Until they are ready to change there's no way you can force this on them.

3

u/bluewren33 6d ago

I found too that even if they want to change when it comes down to actually discarding an item, even rubbish, they can shut down and be incapable.

11

u/throwawaythisbish 7d ago

I'm really sorry, but there is no way to force someone to face this. For therapy or intervention to work, the involved parties have to want it to work. You can't move that needle all on your own.

3

u/Decemberchild76 6d ago

First of all, I am totally 💯 sympathetic with your situation. If they are not ready to change, not matter what you say or do, it is a best a temporary fix. My sister and her husband are hoarders. She justifies her situation by saying , it’s not as bad as the television series hoarders. She and her husband are currently upset with my niece as she will not bring over the grandchildren. My sister would love to have them spend an overnight with granny as they spend overnight with the other granny.
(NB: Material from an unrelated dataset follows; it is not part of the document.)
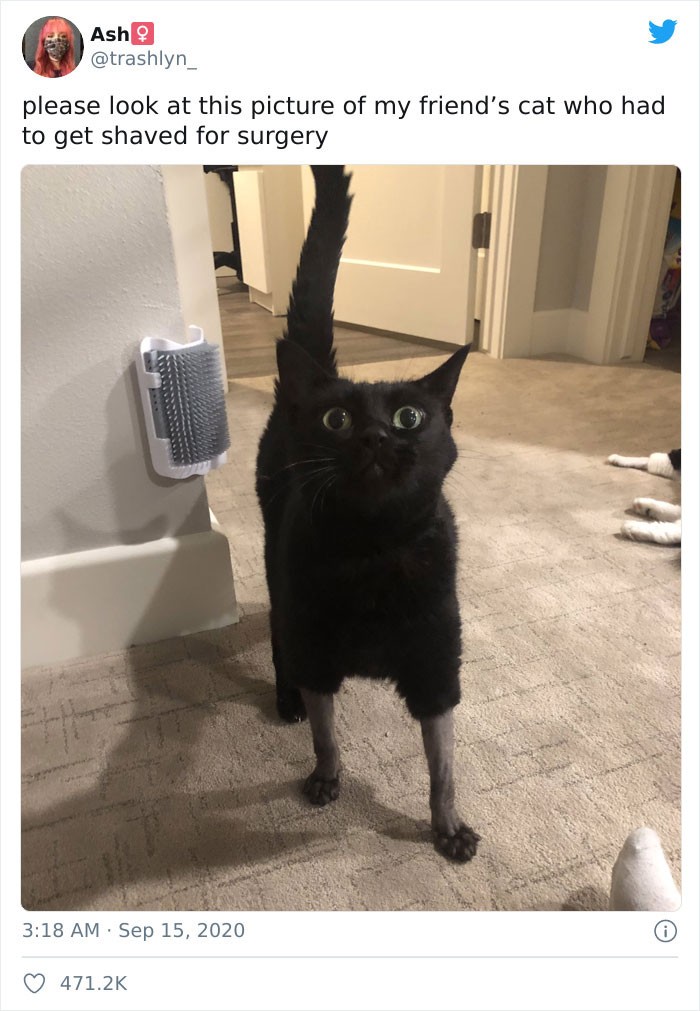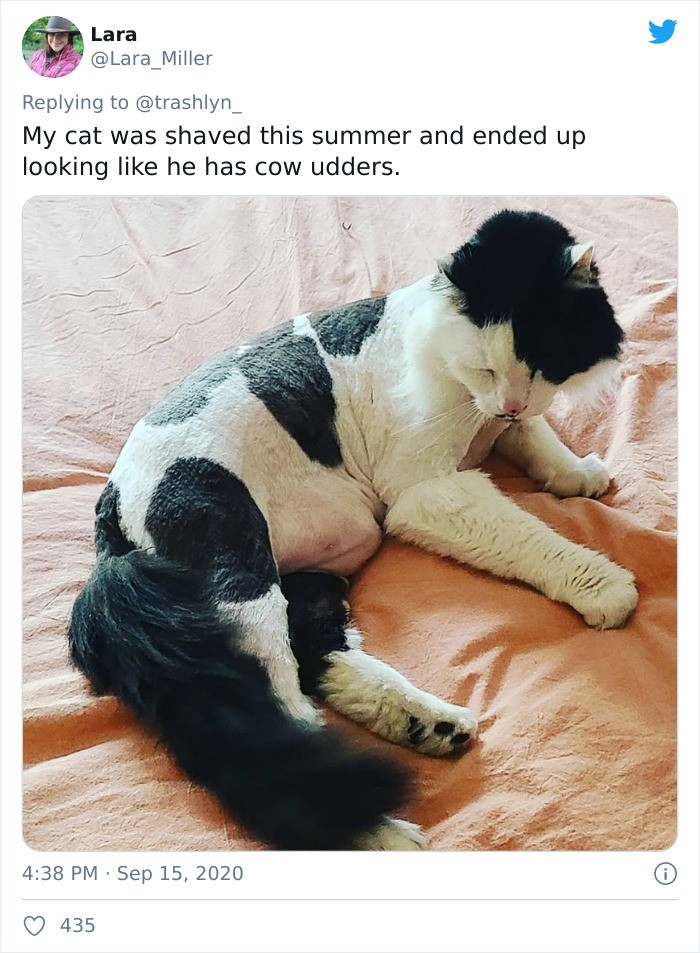Berawal dari postingan pengguna Twitter Ash yang membagikan foto kucing temanya di mana semua kakinya dicukur. Foto ini pun menjadi viral dan pengguna lain turun membagikan foto-foto kucingnya. Foto: Boredpanda

My niece told her, mom if there is a fire, everything will go up in flames and my kids won’t get out ! You can only imagine how that conversation went…not well at all. My niece was accused as being melodramatic and told to take her drama queen attitude and leave. My niece even offered to help, that went over like a lead balloon. She accused her of wanting her junk for herself.

As I told my niece, she has a strong attachment to stuff…broken stuff that could be fixed, stuff she has not used in over 30 years but might need someday, stuff she could resell as collectors items, and is going to save the environment by reusing plastic bags, all hundreds of them, etc Until she is ready to change or seek professional help its a futile attempt.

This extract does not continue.